When the fourteen persons were seated, and the usual compliments were
over, Madame Hochon presented her goddaughter Agathe and Joseph.
Joseph sat in his armchair all the evening, engaged in slyly studying
the sixty faces which, from five o'clock until half past nine, posed
for him gratis, as he afterwards told his mother. Such behavior before
the aristocracy of Issoudun did not tend to change the opinion of the
little town concerning him: every one went home ruffled by his
sarcastic glances, uneasy under his smiles, and even frightened at his
face, which seemed sinister to a class of people unable to recognize
the singularities of genius.
After ten o'clock, when the household was in bed, Madame Hochon kept
her goddaughter in her chamber until midnight. Secure from
interruption, the two women told each other the sorrows of their
lives, and exchanged their sufferings.

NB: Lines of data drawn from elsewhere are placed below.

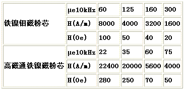 除了表1所列性能而外,一般还给出有效磁导率μe与频率f的关系曲线。与软磁铁氧体类似,在超过一定极限工作频率以后,有效磁导率会迅速下降。同时,还给出在有效磁导率μe下降50%的外加磁场强度,也就是恒磁范围。表2是铁镍钼磁粉芯和高磁通铁镍磁粉芯的恒磁范围。还有,对用于输出滤波器的磁粉芯,必须给出交直流同时磁化曲线,表示在大的直流磁化条件下,磁粉芯有效磁导率的变化情况。
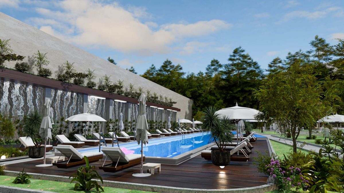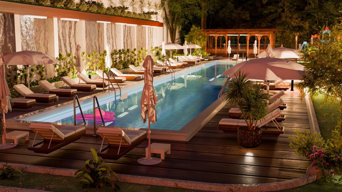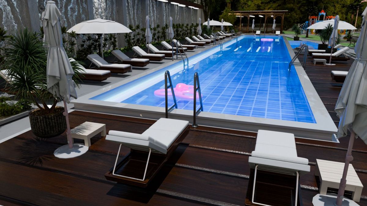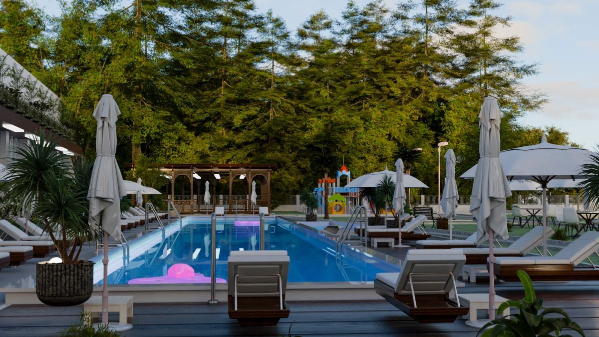 • Открытый бассейн с зонами загара и отдыха
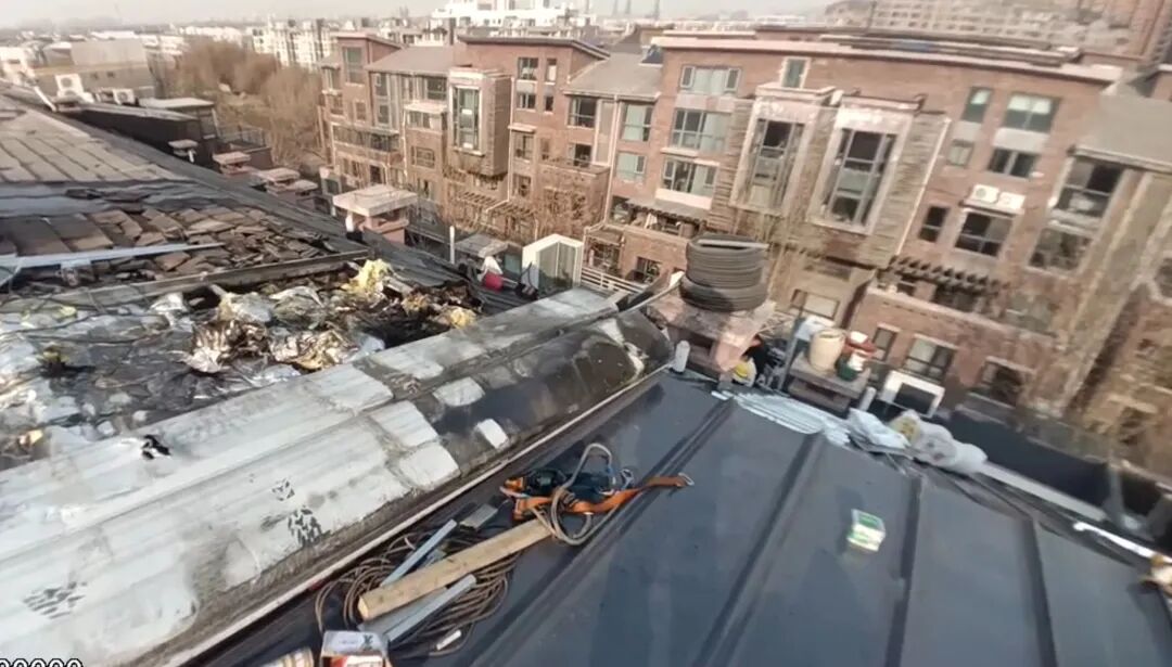 据了解,12月10日上午8时许,施工队在该户楼顶进行保暖和防水施工作业,施工负责人张某某指派施工人员宋某某、荣某某,在该户楼顶使用喷灯进行明火作业,施工过程中,喷灯持续烘烤防水卷材表层油毡,因操作距离过近、火源温度过高,致使油毡迅速熔化并起火燃烧,火势随即沿防水层蔓延,引发火灾,业主发现楼顶冒烟后,立即拨打119电话报警,附近消防救援站接警后迅速到场及时处置,才避免了火灾进一步扩大蔓延。
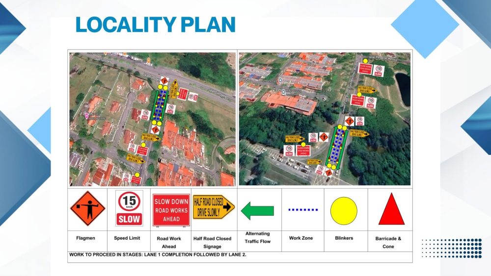 Sehubungan itu, pengguna jalan raya dinasihatkan supaya memperlahankan kenderaan, mematuhi had laju yang ditetapkan iaitu 15 kilometer sejam serta sentiasa mengikuti arahan pengawal bendera dan papan tanda arah yang dipasang di kawasan terlibat.
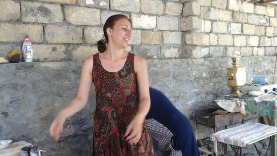 А в Илису для гостей мама известного автора Википедия Намика Ман-Таша приготовила гырц и сюрфюллю. Американцы учились готовить эти блюда, слушали рассказ организатора тура Фариды Буйуран (она на последнем снимке) о том, откуда и как появилась азербайджанская кухня, и конечно, все это поедали, по английски коротко комментируя.
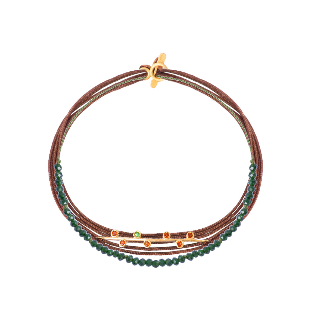 Βραχιόλι με μοτιφ , κούμπωμα σε κίτρινο χρυσό Κ14 και γρανάδα- τζαβορίτη. Διαστάσεις μοτιφ.3,3*0,5cm . Σε σύνθεση με ορυκτές και νήματα
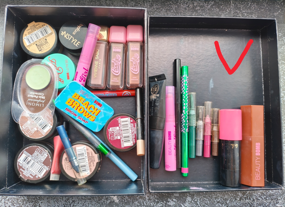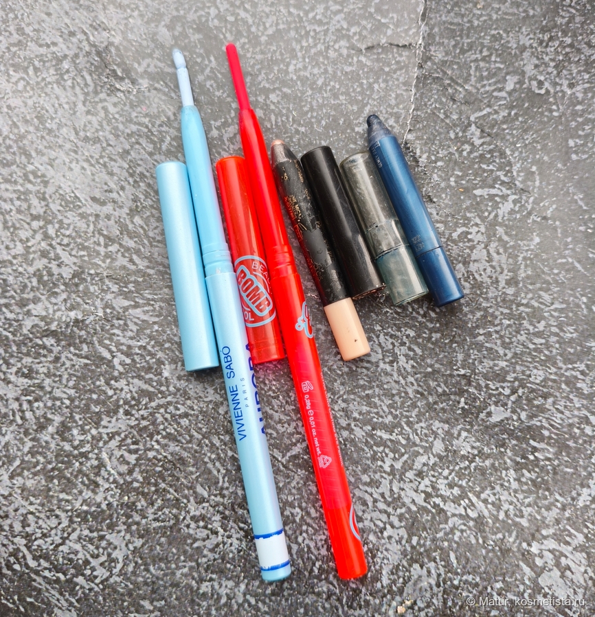Цель была добить все карандаши, наполовину я ее достигла. Остались два Карандаша VS, красный Beauty Bomb и синий Maybelline. Зелёный и бордовый карандаши Maybelline засохли, но там мало оставалось. Красным и голубым карандашами, честно говоря пользовалась мало, свойств своих они не поменяли. А синим и гиммерным карандашами практически каждый день пользуюсь и думаю скоро их добью, там уже совсем чуть-чуть осталось.

As Agathe listened to the last
echoes of a soul that had missed its destiny, and felt the sufferings
of a heart, essentially generous and charitable, whose charity and
generosity could never be exercised, she realized the immensity of the
desert in which the powers of this noble, unrecognized soul had been
wasted, and knew that she herself, with the little joys and interests
of her city life relieving the bitter trials sent from God, was not
the most unhappy of the two.
"You who are so pious," she said, "explain to me my shortcomings; tell
me what it is that God is punishing in me.